Society, in ways largely created by men, exerts tremendous pressure on women to modulate their emotional lives so that they fit the normative view that emotions are merely an impediment to be overcome to get to reasoned thought, as if the two were separate and distinct and not bound up inextricably. The harm from this attitude extends far beyond any conversation about feminist ideology.

At what cost do women push aside their biology in order to negotiate in ways that men see as advantageous?  “Women’s emotionality is a sign of health, not disease,” says Julie Holland, a psychiatrist in New York. http://www.nytimes.com/2015/03/01/opinion/sunday/medicating-womens-feelings.html?_r=0  In her essay in The New York Times Magazine, she wrote about the effect on women of a widely held belief that expressing their emotions reveals that they are weak or out of control.

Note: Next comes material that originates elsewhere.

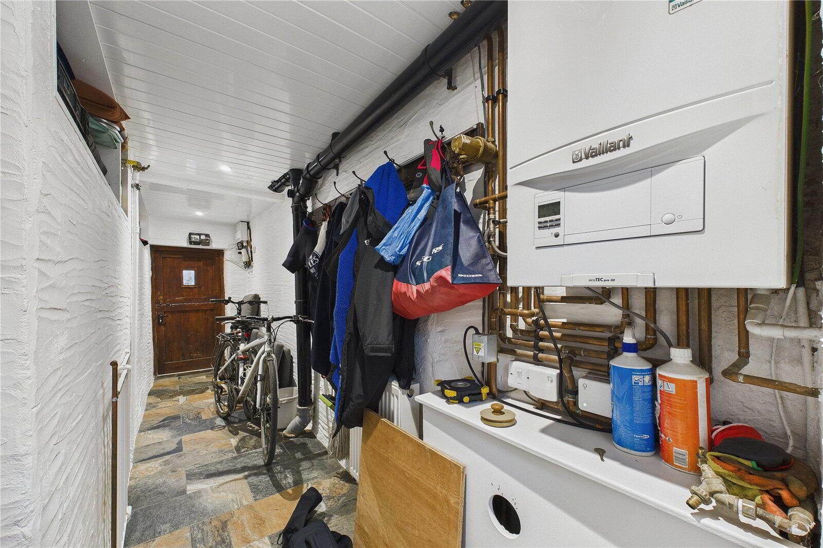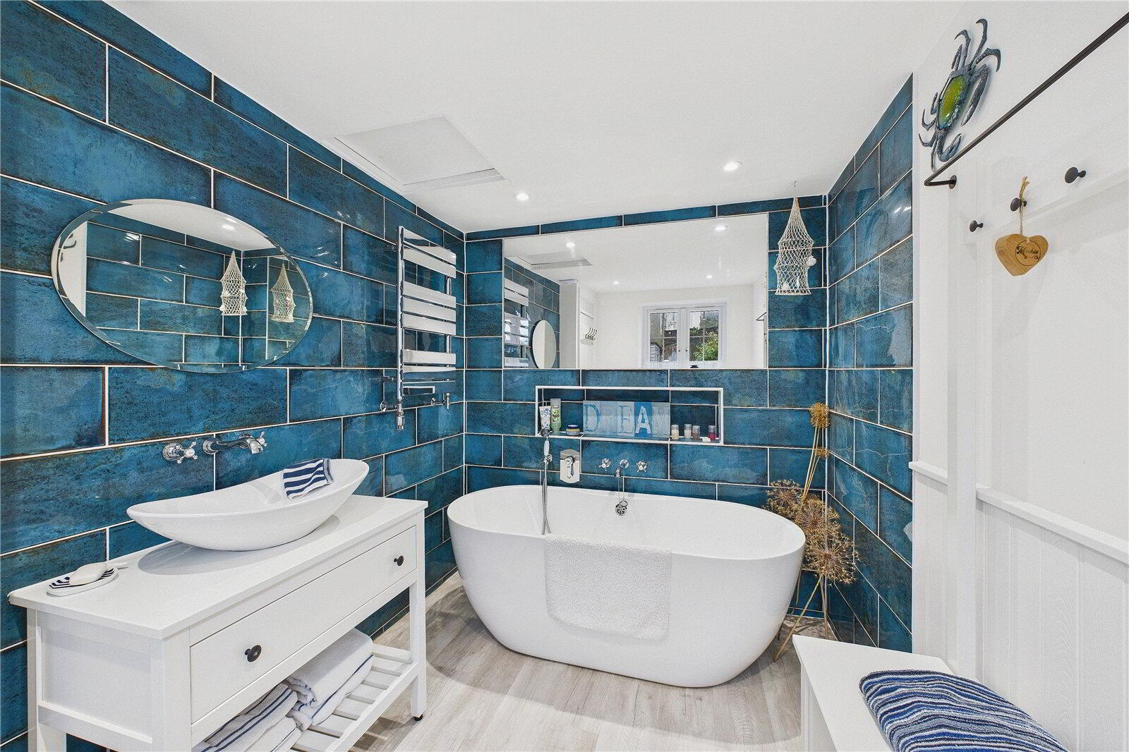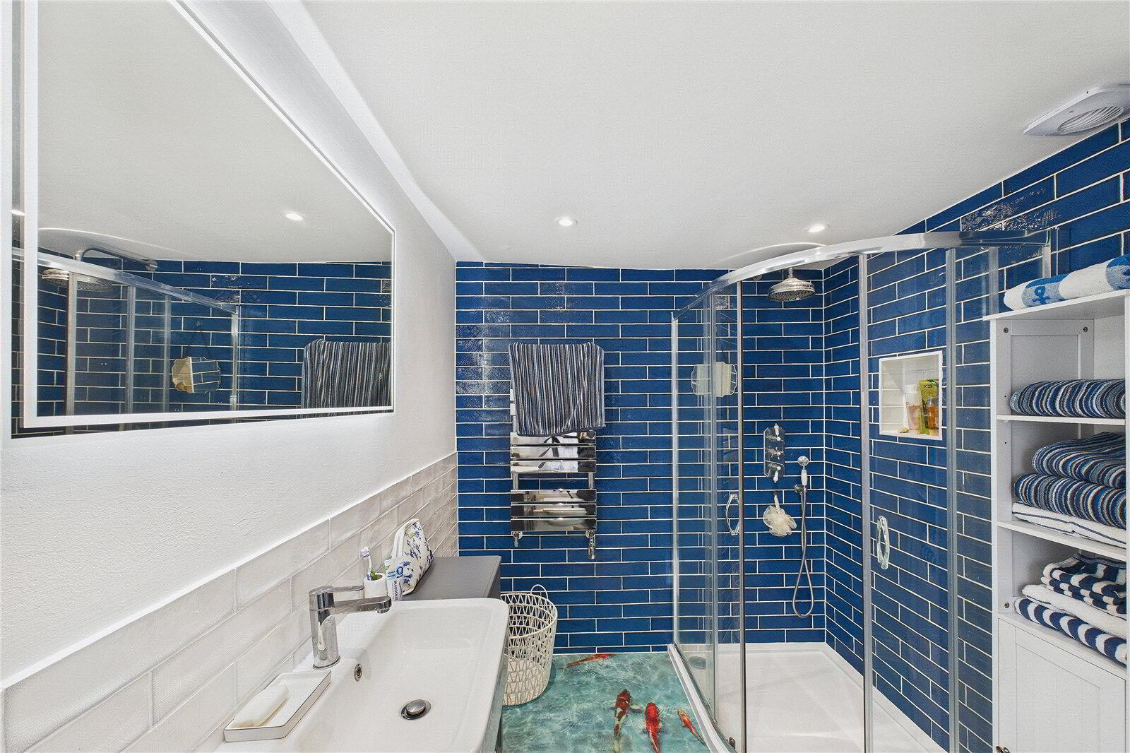 Inside, the home offers two generous double bedrooms, including a principal bedroom with a stylish en-suite bathroom. A second contemporary bathroom is located separately from the second bedroom and includes a luxurious free-standing bath, a rain shower and a heated towel rail.
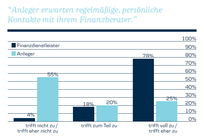 • 78% der Finanzdienstleister gehen davon aus, dass Anleger einen regelmäßigen Kontakt erwarten.

Men, too, view their emotions as an obstacle to attaining and keeping power. Thus, when confronted with an emotional obstruction to solving a problem, men may be willing to allow for some “venting,” but not a lot of it, before getting back to the problem at hand. In a sense, conflict resolution systems, like mediation, rest on behaviors typically seen by males as essential ingredients for resolving conflict – spare problem solving; short time lines; command and control of the issues, and so on.

The behaviors most often identified as feminine – empathy, patience, compassion, emotionality – are viewed as time consuming obstacles to resolving conflict efficiently. In much the same way as many languages assign a gender to words, today’s mediation would likely be male. But it need not be thus.

There are behaviors in every negotiation that are more often than not expressed by one gender or the other but not exclusively and not all the time.  The challenge is to recognize and understand the behavior without making it good or bad, right or wrong, male or female. It is a skill that will make you a much better negotiator.